Extremely elegant, it is a perfect model to change black and brown chocolate in a formal outfit. As it is an ankle, although the calf-velvet part is the majority, it remains relatively invisible.
So I’ll be honest, although I wear it regularly for almost 5 years, this is not the model that I have most frequently at the feet. The disadvantage of a richelieu boot is that it takes a little more time to lace it, to reserve the morning where we are not too late.
This first purchase was an opportunity to confirm the fittings at the Trunk Show. Justin’s shapes fit me extremely well. This boot is part of the shoes that fit me best, I can wear it for a long day standing (like Pitti) without it becoming unpleasant to wear.
After this first successful test, I decided to add a more versatile model to my closet. Leaving to have pairs that go well, as much as possible to put them as frequently as possible. I chose (during the second passage of Justin) to order the most classic model that can be found, a brown stretched brogue.
Neither too formal nor too casual, it is a model that can be associated with everything, a blue suit, gray pants, jeans 2 … The first model we should have. So I chose Magnolia in Justin’s collection. A choice that I do not regret, this pair is one of those I always have at hand, when I do not want to take too much time to choose what I have to wear, it’s one of 3-4 pairs that I have by default….
As you can imagine, if I regularly complete my wardrobe with new pairs, it is because my feelings are very positive.
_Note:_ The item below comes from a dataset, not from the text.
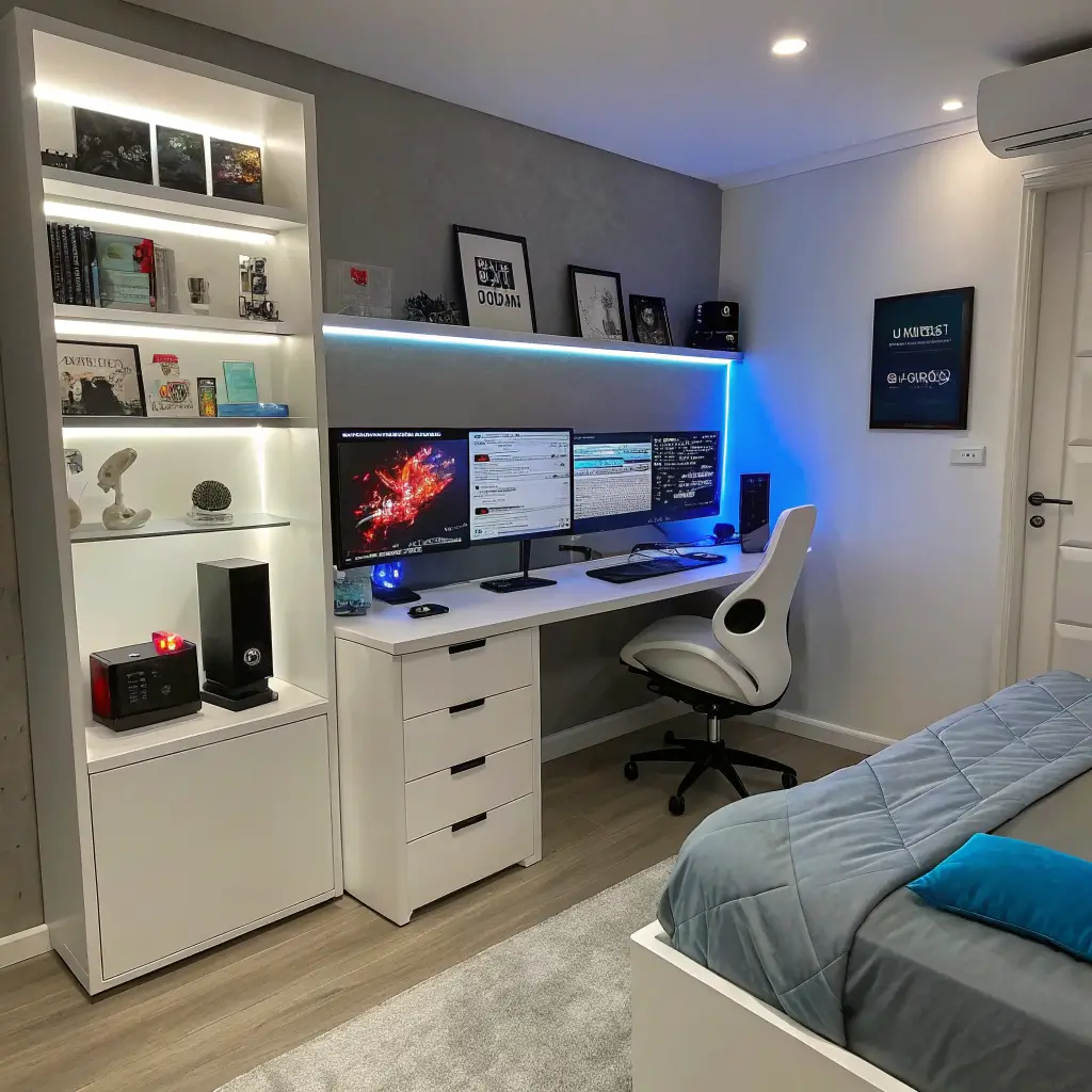 Start with the gaming setup itself. Position the desk strategically – preferably near a power outlet (duh) and away from windows to avoid glare. Invest in a quality gaming chair because posture matters, even when they’re battling zombies at 2 AM.

In use, my different pairs age very well and maintain easily (I take this opportunity to thank Romain, polish Paris, for the last beauty of my 3 pairs).
THE FINAL WORD
Successfully creating a line of shoes that is slightly more original than average, and easy to fit into an outfit is not easy. Justin Fitzpatrick has managed to become in a few years a brand that counts in the calleophilus community and to offer a consistent offer and a true vision of style.
The investment is not trivial and the 385 euros that must be spent remain a sum. But it remains a good value for this range of shoes.